III. FACTUAL BACKGROUND 4

A. Parties

Plaintiff Jodek is a nonprofit organization formed under the laws of Israel. *472 (Am.ComplJ 18.) Jodek brings suit “individually,” as assignee of Zvi Schreiber (“Schreiber”) and as successor in interest to several entities owned by Schreiber: Schreiber, LLC, KF.G. Trust, and Wyoma Investments. 5 (Id. ¶¶ 19-23.) Zvi Schreiber was the founder and principal of Tradeum, a Delaware corporation in the business of “designing digital marketplace software for business-to-business e-commerce communities.” (Id. ¶¶ 24-25.) Defendant VerticalNet is a Pennsylvania corporation and a citizen of Pennsylvania. (Id. ¶26.) At all times relevant to this lawsuit, VerticalNet “was the owner and operator of a few dozen industry-specific web sites designed as online business-to-business communities, known as vertical trade communities.” (Id. ¶ 27.) Defendant Walsh is a citizen of Pennsylvania who served, at all times relevant to this lawsuit, as president and CEO of Vertical-Net and as a member of its board of directors. (Id. ¶ 30.) Defendant Alexander is a citizen of Pennsylvania who served, at all relevant times, as chairman of VerticalNet’s board of directors. (Id. ¶ 31.) Defendant McKenzie is a citizen of Pennsylvania who served, at all relevant times, as general counsel and an officer of VerticalNet. (Id. ¶ 29.) Defendant ASTT is a New York corporation and a citizen of New York. (Id. ¶28.) VerticalNet retained ASTT as its agent with respect to various stock transfer matters arising out of the merger between Tradeum and VerticalNet. (Id.)

B. The Merger

On or about March 8, 2000, Tradeum and VerticalNet entered into an Agreement and Plan of Merger (the “Merger Agreement”). 6 (Id. ¶ 33.) In addition to the main Merger Agreement, Tradeum and VerticalNet executed several other agreements defining the parties’ respective rights and obligations regarding the merger of Tradeum and VerticalNet, including a Registration Rights Agreement (Am. Compl.Ex. D) and a Lock-Up Agreement (Am.Compl.Ex. E). Upon completion of the merger, Tradeum was to become a wholly owned subsidiary of VerticalNet. (Id. ¶ 36.) As consideration, the Schreiber parties were immediately to receive a total of 601,696 shares of VerticalNet stock and an additional 89,909 shares of VerticalNet stock in escrow (collectively the “Merger Stock”). 7 (Id. ¶ 38.)
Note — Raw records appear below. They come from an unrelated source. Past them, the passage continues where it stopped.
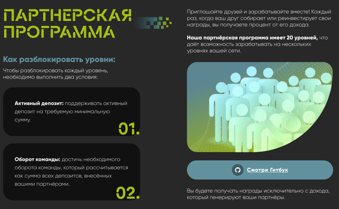Подтверждает тот факт, что Сайрус Финанс – очередная пирамида, и скрытая под видом заработка на блокчейне – многоуровневая рефералка. В ней сразу 20 уровней, которые получают пользователи за активы, а также оборот команды:
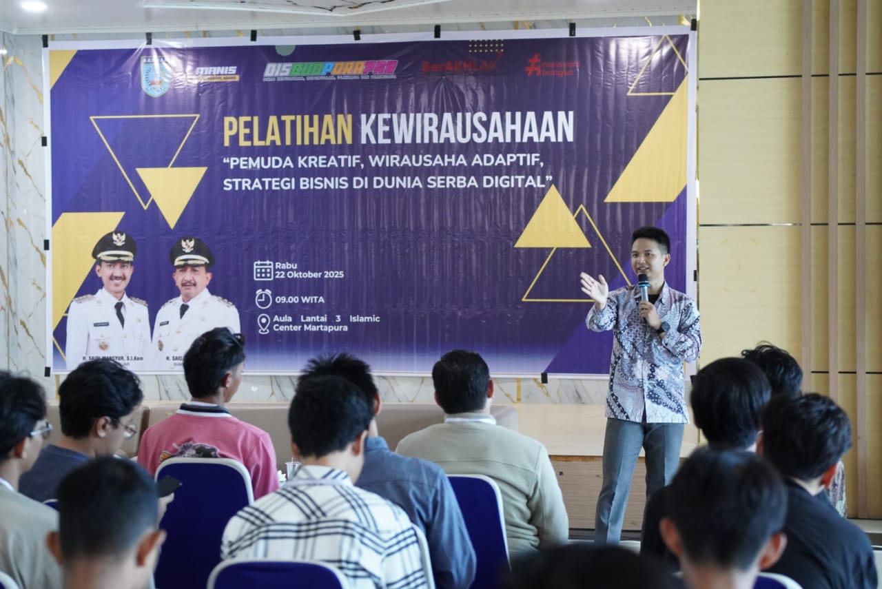 MARTAPURA – Dinas Kebudayaan Kepemudaan Olahraga dan Pariwisata (Disbudporapar) Kabupaten Banjar kembali menggelar Pelatihan Kewirausahaan Pemuda Kreatif dan Adaptif bertema “Strategi Bisnis di Dunia Serba Digital”, di Aula lantai 3 Gedung Islamic Center Martapura, Rabu (22/10/2025).
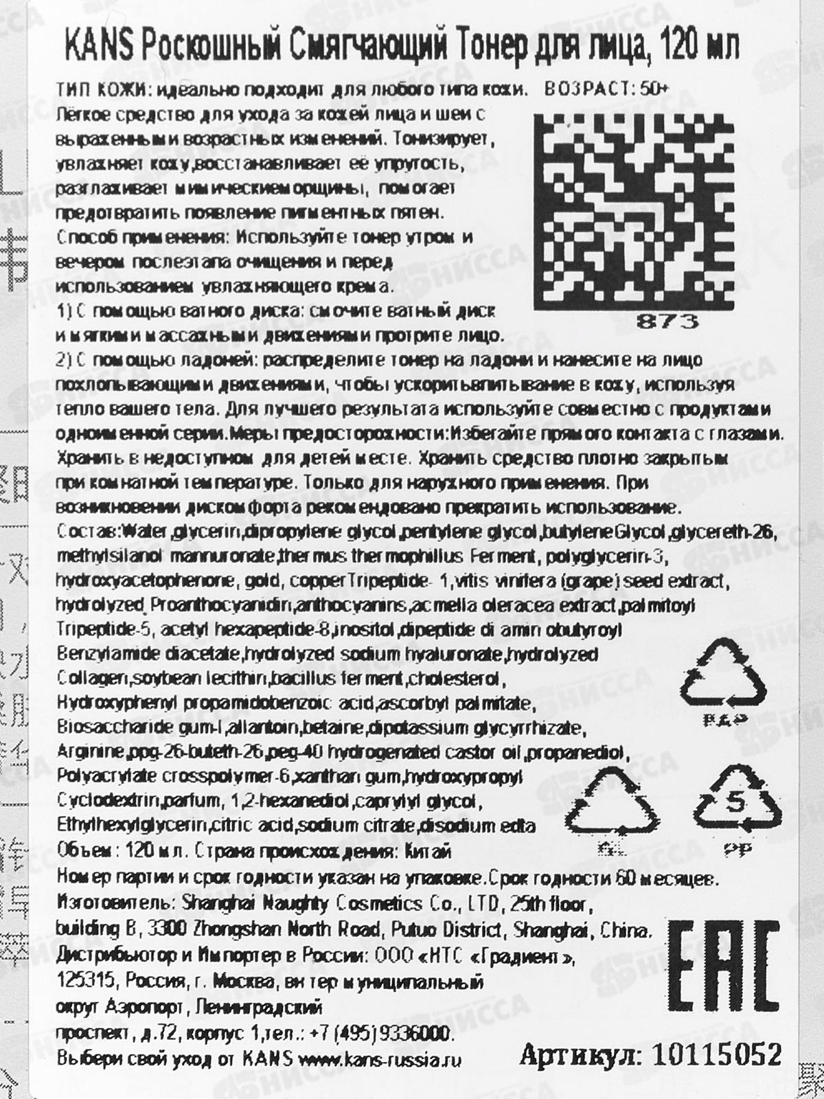 Состав: вода, глицерин, дипропиленгликоль, пентиленгликоль, бутиленгликоль, глицеринет-26, метилсилол маннуронат, фермент термофильных бактерий Thermus thermophilus, полиглицерин-3, гидроксиацетофенол, золото, медный трипептид-1, экстракт семян винограда (Vitis vinifera), гидролизованный проантоцианидин, антоцианы, экстракт акмеллы огородной, пальмитоилтрипептид-5, ацетилгексапептид-8, инозитол, дипептид диаминобутироилбензиламид диацетат, гидролизованный гиалуронат натрия, гидролизованный коллаген, соевый лецитин, фермент бацилл, холестерол, гидроксифенилпропанимидобензойная кислота, аскорбилпальмитат, биосахаридная камедь-1, аллантоин, бетаин, бисглицирризинат калия, аргинин, ППГ-26-бутеф-26, ПЭГ-40 гидрогенизированное касторовое масло, пропиленгликоль, сополимер полиакрилата-6, ксантановая камедь, гидроксипропилциклодекстрин, парфюмерная композиция, 1,2-гександиол, каприлилгликоль, этилгексилглицерин, лимонная кислота, цитрат натрия, динатриевая соль ЭДТА.
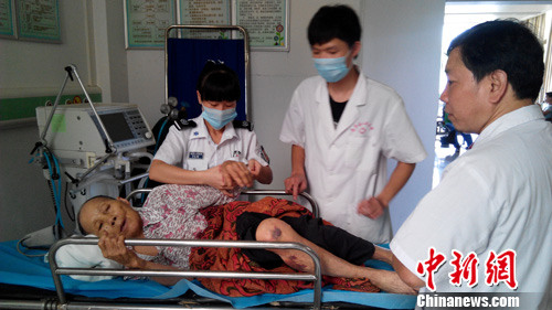 海南“慰安妇”事件受害者、状告日本政府原告之一的苗族阿婆邓玉民19日下午4时10分在家中逝世,享年93岁。图为其今年5月卧病不起后被送到保亭黎族苗族自治县救治。中新社发 陈厚志 摄
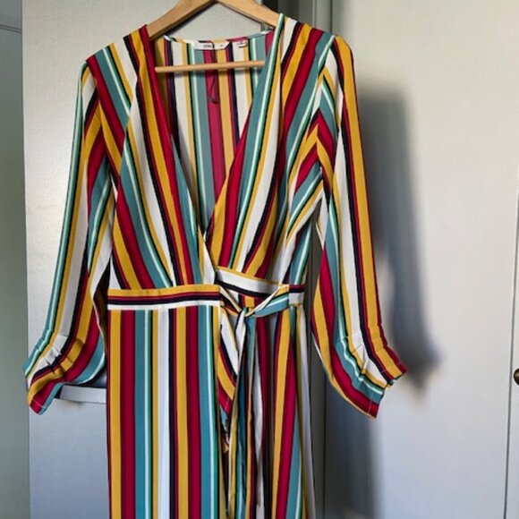 Light wrap dress with colourful vertical stripes. Almost brand new. It was only worn for two hours
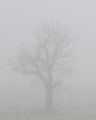 今朝少しだけですが、外の空気を吸いに歩きに行ってみました。畑の道は、霧におおわれて景色がちっとも見えません。細かい霧雨、足下も凍っているし、早々に切り上げて帰ってきました。
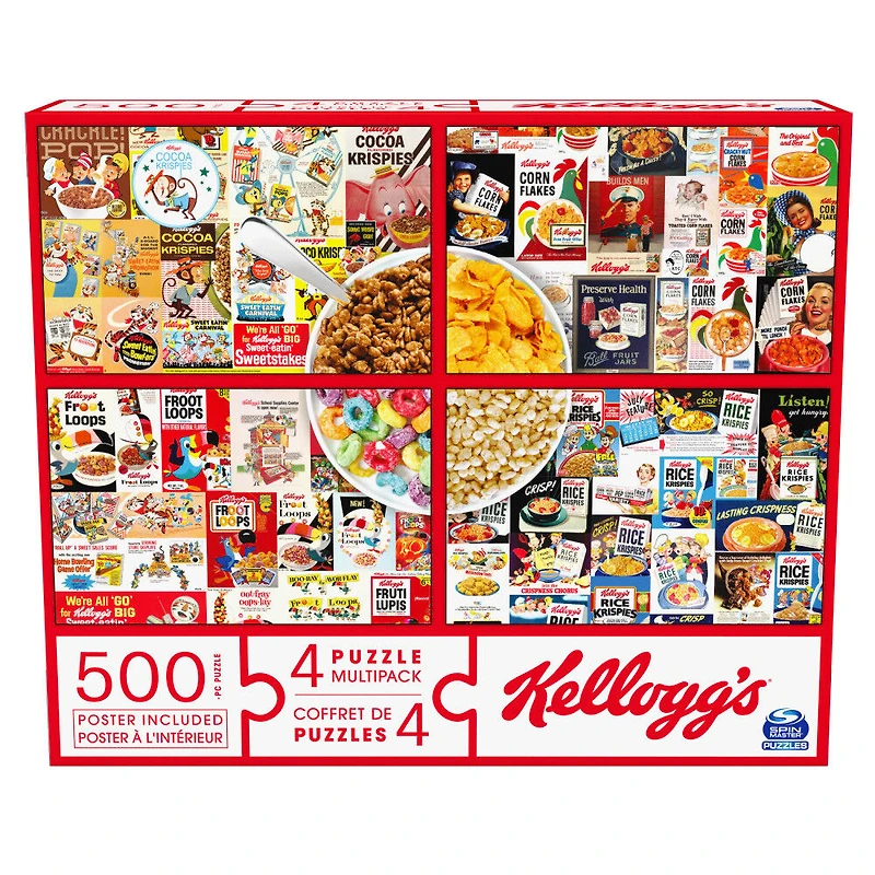 Kellogg's, Coffret de 4 puzzles, 500 pièces qui se combinent pour former un méga puzzle : Cocoa Krispies, Corn Flakes, Fruit Loops, Rice Krispies
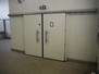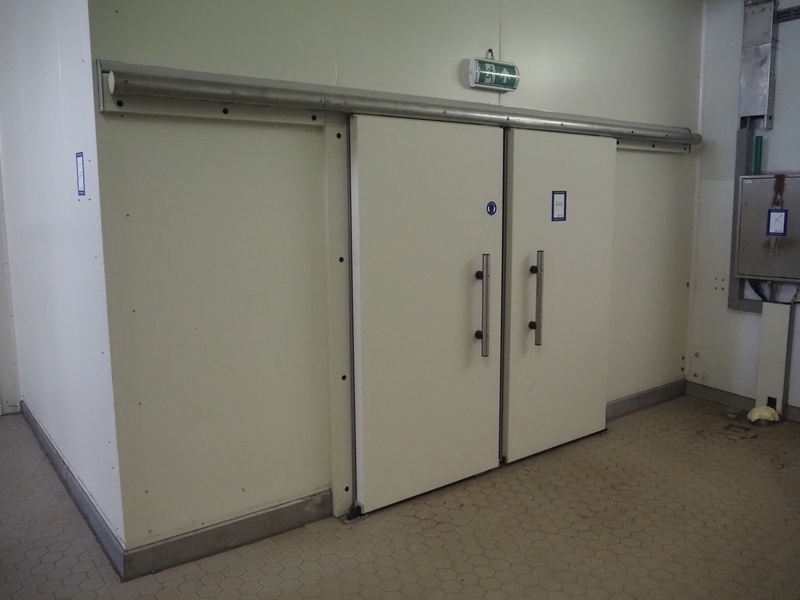 Cool it double refrigeration sliding door with rail, type: ZSI-8B, fabrication number: 04 023112 001 01, year of construction: 08.03.2004, dimensions door: (2x) 1050 mm x 2150 mm, thickness: 80 mm, length rail: 4500 mm.
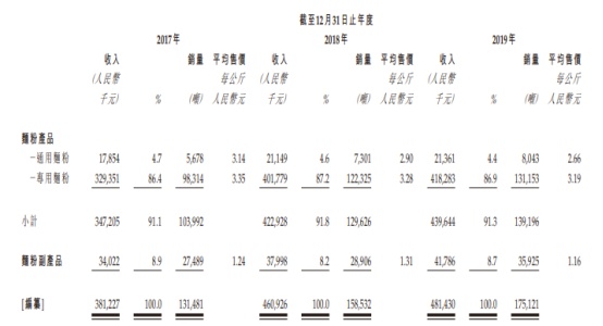 截至2017年、2018年及2019年12月31日止年度,该公司收入分别为3.81亿元人民币、4.61亿元人民币和4.81亿元人民币,持续增长主要受专用面粉的销售所推动,分别占总收入约86.4%、87.2%及86.9%,并由截至2017年12月31日止年度约人民币3.294亿元增加至截至2019年12月31日止年度约人民币4.183亿元。
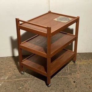 Barbord/serveringsbord/Rullebord i teaktræ,med tremmehylde.

Under the terms of the Merger Agreement and its amendment, the Schreiber parties were contractually free to divest themselves of 381,443 shares of the Merger Stock upon its registration by Vertical-Net and ASTT. (Id. ¶ 40.) The remaining 220,253 shares of Merger Stock that were not in escrow were “locked up,” and the Schreiber parties could only divest themselves of these shares “as certain performance and/or time-based milestones contained in the Lock-Up Agreement ... were achieved.” (Id. ¶41.) Under the Merger Agreement, the Schreiber parties could not divest themselves of the 89,909 shares of escrowed Merger stock for at least one year. (Id. ¶ 42.) It was the Schreiber parties’ intention to sell the Merger Stock on the public market as soon as possible after acquiring it. (Id. ¶¶ 43-47.)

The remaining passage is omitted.